• [WHAT THE TASK ASKS]: Begin your transcription at the line containing "Plaque to Václav" and continue it, word for word, to the final line below. Include only those lines and skip the pictures.

[Data items]
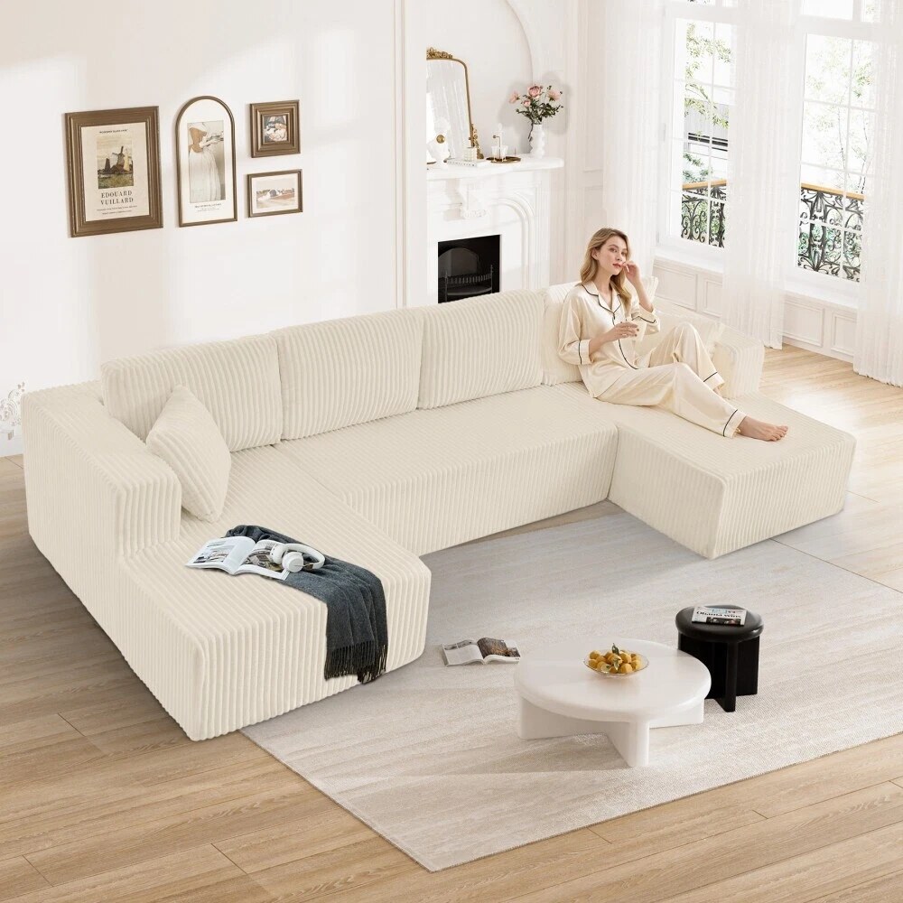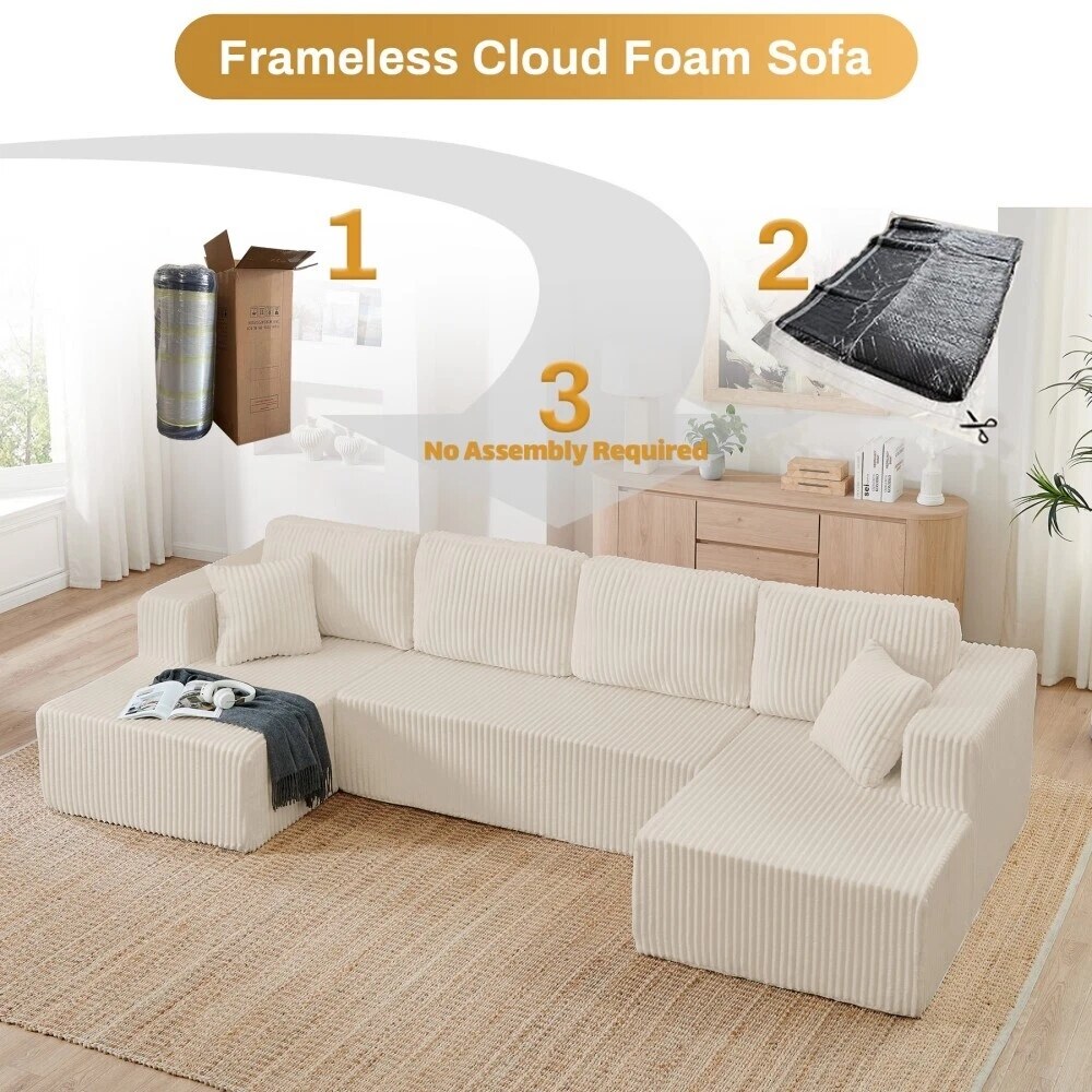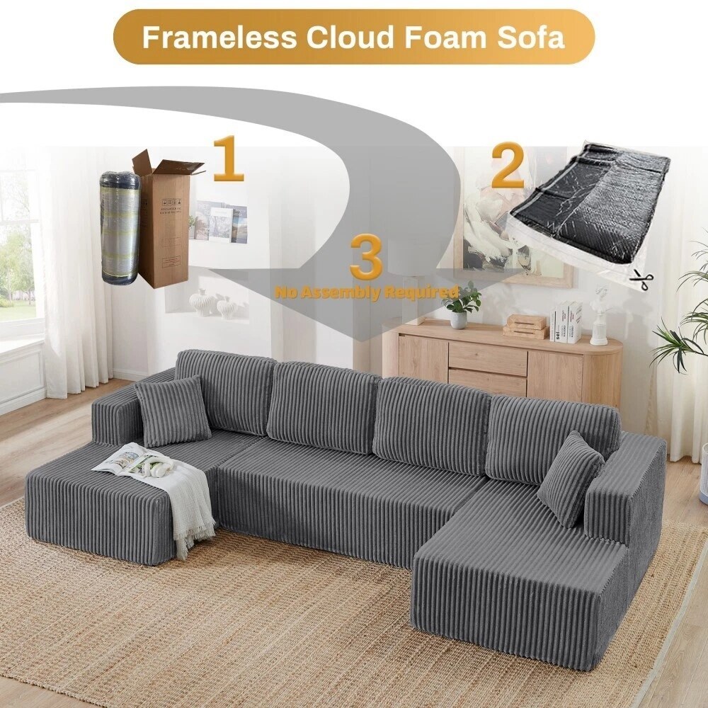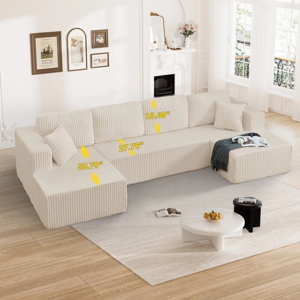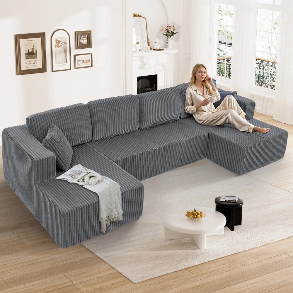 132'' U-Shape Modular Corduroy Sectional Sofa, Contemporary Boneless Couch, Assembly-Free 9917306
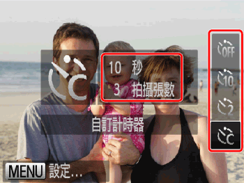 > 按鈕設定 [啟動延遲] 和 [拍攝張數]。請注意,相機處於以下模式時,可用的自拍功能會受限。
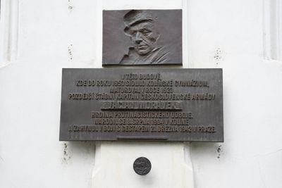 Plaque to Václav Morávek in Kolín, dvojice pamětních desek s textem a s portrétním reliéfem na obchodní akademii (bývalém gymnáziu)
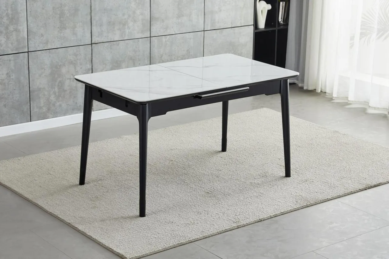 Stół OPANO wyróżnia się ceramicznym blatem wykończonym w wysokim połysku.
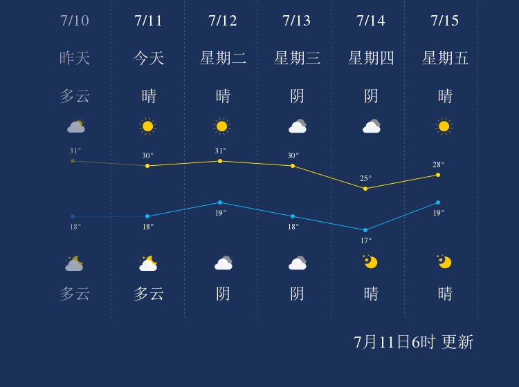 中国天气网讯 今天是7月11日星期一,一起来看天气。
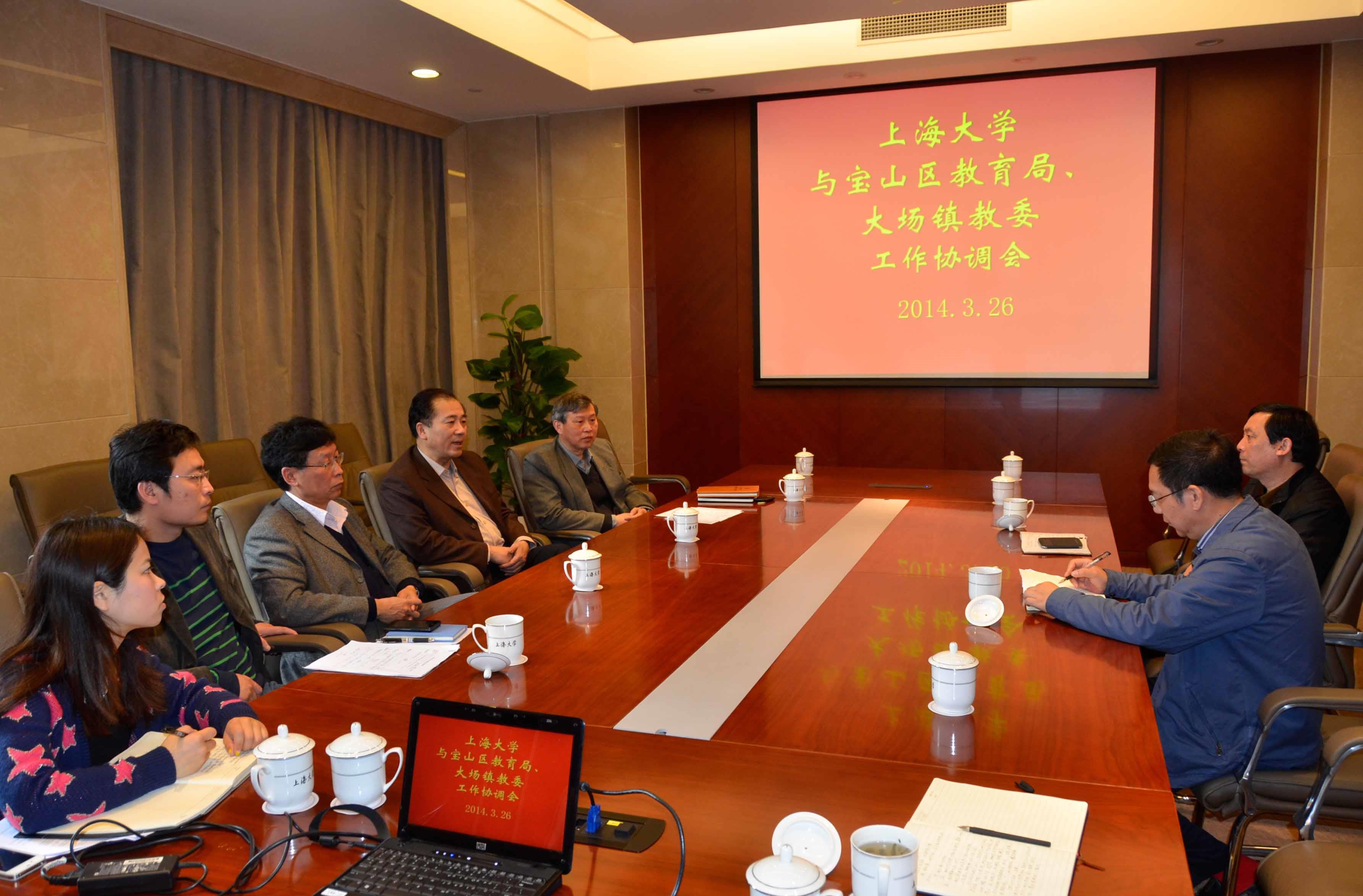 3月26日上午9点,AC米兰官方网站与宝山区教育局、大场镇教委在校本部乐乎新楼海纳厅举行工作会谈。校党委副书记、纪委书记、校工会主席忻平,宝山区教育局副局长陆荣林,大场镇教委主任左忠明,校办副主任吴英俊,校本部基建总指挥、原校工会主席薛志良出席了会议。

• [REPLY TO THE EXERCISE]:
 Plaque to Václav Morávek in Kolín, dvojice pamětních desek s textem a s portrétním reliéfem na obchodní akademii (bývalém gymnáziu)
 Stół OPANO wyróżnia się ceramicznym blatem wykończonym w wysokim połysku.
 中国天气网讯 今天是7月11日星期一,一起来看天气。
 3月26日上午9点,AC米兰官方网站与宝山区教育局、大场镇教委在校本部乐乎新楼海纳厅举行工作会谈。校党委副书记、纪委书记、校工会主席忻平,宝山区教育局副局长陆荣林,大场镇教委主任左忠明,校办副主任吴英俊,校本部基建总指挥、原校工会主席薛志良出席了会议。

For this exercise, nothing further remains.